The issue seems to occur because loo tries to exclude the high-k observations but is still using the original trials data, which results in a mismatch between counts and trials, where some of the former are larger than the latter.

So I suppose the question now is how to allow loo and stanvar to work together to pass the appropriate subsets of data into the model.

For anyone who finds this thread in the future, here is my fix:

tmp.fun <- brms:::reloo.loo
body(tmp.fun)[[12]][[4]][7:9] <- body(tmp.fun)[[12]][[4]][6:8]
body(tmp.fun)[[12]][[4]][[6]] <- substitute(
  if(!is.null(fit_j$stanvars$trials)){
    fit_j$stanvars$trials$sdata <- fit_j$stanvars$trials$sdata[-omitted]
    fit_j$stanvars$trials$scode <- "  int trials[639];"
  })
assignInNamespace("reloo.loo", value = tmp.fun, ns = "brms")

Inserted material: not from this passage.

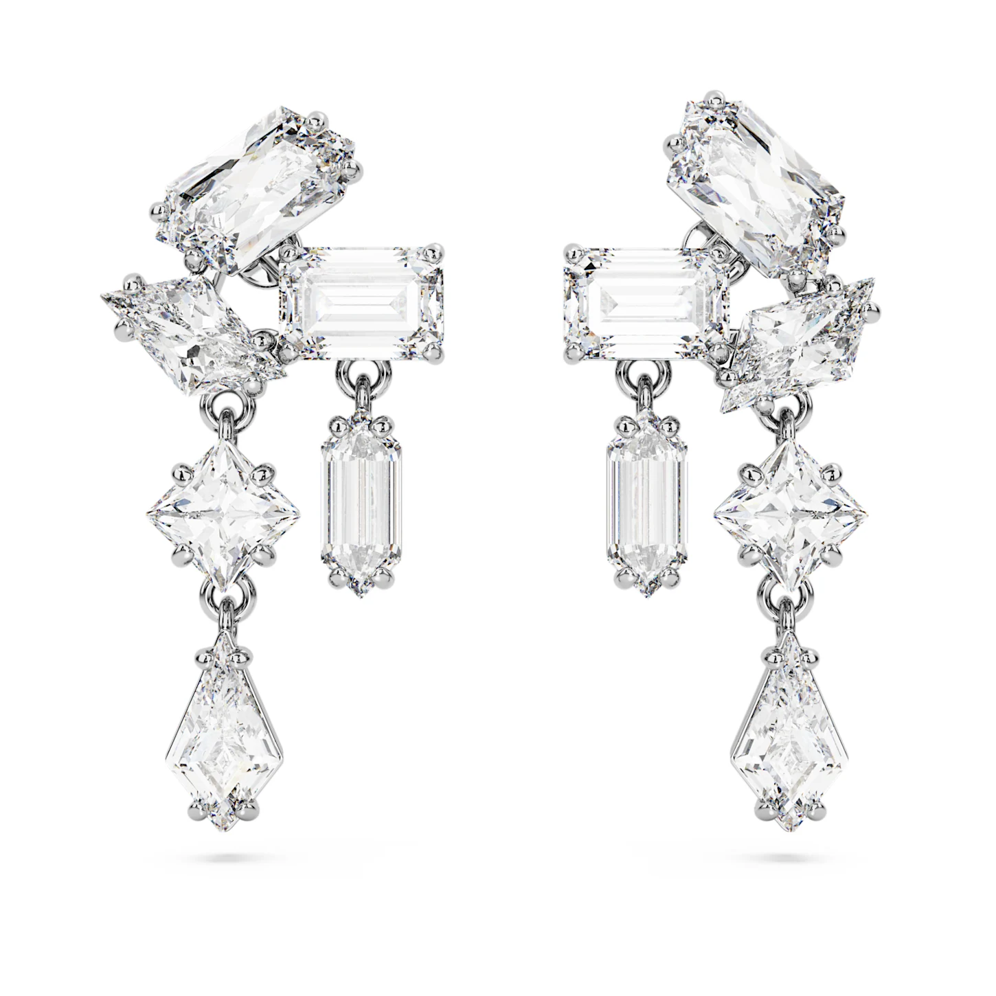 Mesmera Drop-Ohrhänger Verschiedene Schliffe, Weiß, Rhodiniert
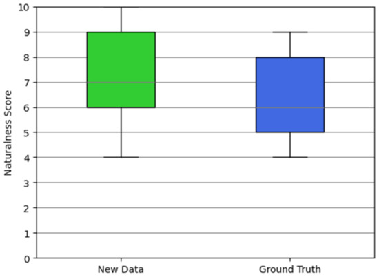 According to the findings presented in Figure 14, the average score for the new data (i.e., facial animations with the highest score) surpasses that of the ground truth animations. Specifically, for the new data, we observed an average score of 7.641 with a standard deviation of 2.846, while for the ground truth, the average score was 6.648 with a standard deviation of 3.059. In the figure, the minimum is the smallest number among the data points. For the new data and the ground truth animations, the minimum recorded naturalness score was 4. On the other hand, the maximum is the largest number among the data points. For the new data, the maximum recorded naturalness score was 10, whereas for the ground truth animations, it was 9. These results suggest that certain synthesized facial animations exhibit a higher level of emotional expressiveness compared to the facial animations performed by the human speaker. Therefore, our results underscore the importance of considering each of the defined factors when generating 3D virtual characters in virtual environments for effective emotional representation.

It’s specific to my model, but the general idea is that I modified reloo.loo so that it checks for my variable inside the fit’s stanvars and if present, drops the corresponding observation and modifies the corresponding section of the data block.

Hi @bmfazio, I’m having a similar problem with a cumulative probit model. Great that you found a solution for your code. I’m still a bit of a novice with R functions - are you able to indicate which parts of your new function are specific to your purposes and would need to be changed? Sorry if this is a question that should be obvious!

With:

assignInNamespace(“reloo.loo”, value = tmp.fun, ns = “brms”)

Are you specifying that when brms calls reloo, it simply uses your function instead of the normal brms reloo, or does the new function need to be called in some other way?

Any help would be greatly appreciated!